O presidente da Febraban também criticou a tentativa do governo de uniformizar o tratamento dado aos consumidores endividados. Para ele, cada instituição financeira deve avaliar individualmente a situação de seus clientes.
“Deveria caber a cada instituição financeira analisar a situação concreta do cliente”, disse. Segundo Sidney, “é o banco que conhece a jornada de relacionamento e a capacidade de pagamento”.
Na primeira fase, o Desenrola concentrou as negociações em uma plataforma própria para intermediar acordos de dívidas. O governo informou que cerca de 15 milhões de pessoas participaram do programa, em renegociações que somaram R$ 53,5 bilhões.
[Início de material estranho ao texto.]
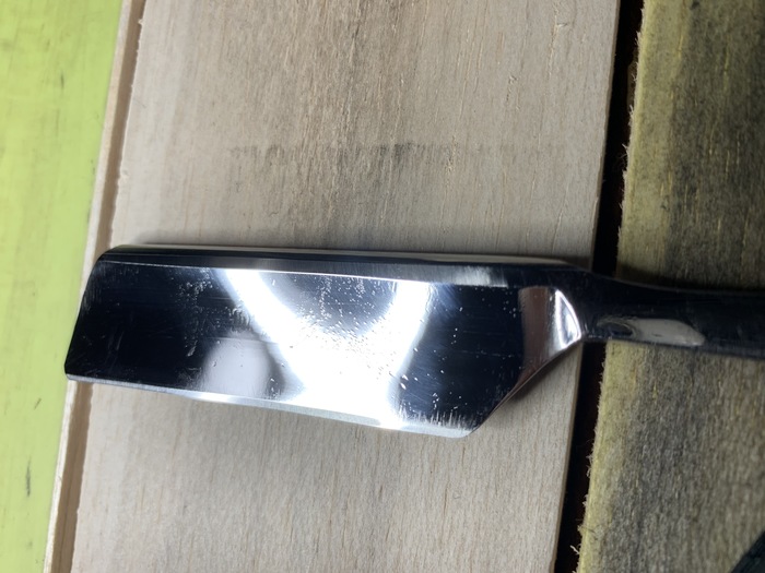 Результат: бриться можно, и неплохо. Заточку железяка держит, но доведение до результата за который будет не стыдно потребует конских затрат времени и дорогих абразивов. И меня реально давит жаба и на довод косметики, и на нормальную ручку. Более того, косяк в геометрии у бритвы почти фатальный: обух заметно сужается, и реграйндить это достаточно непростая задача.

Mesmo após a iniciativa, o endividamento das famílias com o sistema bancário atingiu 49,9%, maior nível da série histórica do Banco Central do Brasil.
Já a Pesquisa de Endividamento e Inadimplência do Consumidor (Peic), divulgada pela Confederação Nacional do Comércio de Bens, Serviços e Turismo, apontou que 80,4% das famílias brasileiras possuem algum tipo de dívida, também no maior patamar registrado pela metodologia.
Para Isaac Sidney, o principal problema do Desenrola é atacar apenas a renegociação das dívidas sem enfrentar as causas estruturais do endividamento no país.